Unsuspected revolution

My love/hate affair with a technical pencil

I bought it in 2006, and I haven't really used it that much, because the lead was making funny things, such as getting back into the pencil, no matter how much did I push its top in order to make it show its tiny little tip back into the outside world. But I just remembered that it came with a nice box of spare leads, so I went to my box of art supplies and here it was, just where I left it the last time I packed for moving.

I study the spares box, and finally find how to open it. It seems to have two modes--one will kindly allow only a fraction of the cover to open, in order to graciously slide a spare lead out when you skew the box with the proper angle and speed. The other "mode" is just totally open, where you can see how many leads are still left and even try to count them. The label said there were 12 units. I count 15, and all of them seem to be intact, which is quite a feat considering they have gone through two moves already. But I'm digressing...

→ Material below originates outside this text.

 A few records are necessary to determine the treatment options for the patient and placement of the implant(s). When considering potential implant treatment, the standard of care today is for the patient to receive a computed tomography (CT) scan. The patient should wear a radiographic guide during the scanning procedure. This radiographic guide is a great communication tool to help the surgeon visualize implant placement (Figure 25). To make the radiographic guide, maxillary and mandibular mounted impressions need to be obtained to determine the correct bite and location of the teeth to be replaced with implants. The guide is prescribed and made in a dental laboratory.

Now my second aim is to find a way to remove the faulty lead from the pencil. It should be pretty easy, right? I just push it a little bit using the pencil's mechanism, then pull the meagre 0.2 mm it will dare to show out. So I end up with a fragment of lead which is 1.5 cm. Great! Phase "removing old lead" is complete!

I just have to place a new lead in and that will be all. Right? Yes--but how do I access its innards? Remember I have never done this before on this pencil since I bought it six years ago. Maybe it has mutated meanwhile! Maybe there are even new lifeforms inside it. An strange hybrid bred developed in between the UK and Spain, with some hints of German ancestry (as it's a Faber Castell 'Made in Germany' pencil) . I don't even want to imagine how it could look, but I dare to be brave and unscrew the top...

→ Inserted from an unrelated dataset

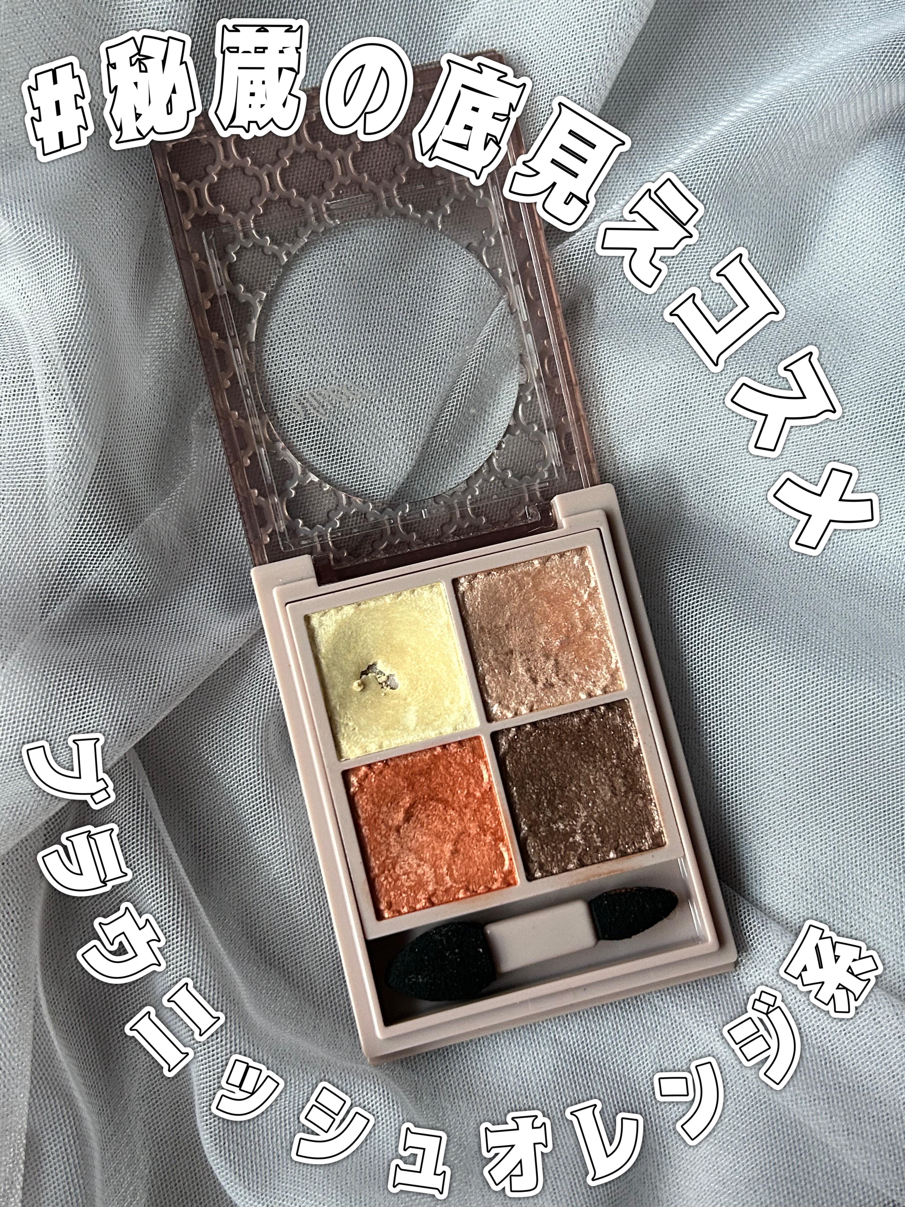めっちゃ粉質がいいし、オレンジとブラウンは発色が凄くいいよ! ゴールドラメはあまり主張しすぎず、瞼のくすみを飛ばしてくれるし綺麗に見せてくれる😍 ラメもそこまで強くないから、ニュアンスメイクっていう感じかな とにかくオススメだよ!!

... only to end up with a little piece of cylindric plastic which acts as rubber mount/protection generally. After looking a bit silly for a while, I sort of remember that back when I went to school I had one of these, although it wasn't as fancy, and didn't even have a brand. Oh it also broke down at the end of my final exams but it was OK because it was easy to refill just by --I remembered now!-- pulling the rubber piece out! Aha! That was it!

I took the rubber out. It was long and thin, and had a 0.3 mm piece of lead stuck to the part that was inside the pencil. My mind wandered back to the part where I speculated with some strange hybrid race monster developing inside the pencil--maybe these are the remains of its birth; a violent irruption into an even more violent and dirty world; this unknown monster has born to kill...! Oh, and I'm digressing again!

OK! Back to the innards of this pencil. I look through the little opening that the rubber revealed, but I can't see light at the end of the 'tunnel'. Maybe there's something else blocking it? Either the monster, or more lead. Broken lead? I don't know. I decide to push down, and another little 0.3mm piece of lead shows up, oh so shy. "Ah, that was it!", I think. I pull it out, mercilessly, since it's so young and fragile it won't stand my furious scratching over the paper.

Do I see light at the end? Is everything clear for a new, entire lead to be placed in its proper place?

No, I don't! No, it isn't! But can anything else be left there?

I decide to take another approach: I unscrew the tip of the pencil. Maybe I can find out what's going on here. I remember if you kept the top button pressed and place the pencil vertically it just sort of flushes everything out, right? (or at least my cheap pencil did that). I do that.

Nothing happens.

So I turn it the other way, and all sorts of things fall out:

  • four pieces between 0.3 and 0.6 mm of lead
  • a longer piece, 2 cm
  • an even longer piece, probably 3/4 of an entire lead
  • a complete lead which is even longer than the one I had taken from the spare leads box

I'm confused. I don't recall having done any of this. So many leads inside the pencil! And why are there more leads in the spares box than there ought to be? Have they reproduced, all these years?

And the most important question of all: what was that that I wanted to draw with this pencil when the funny lead dance started?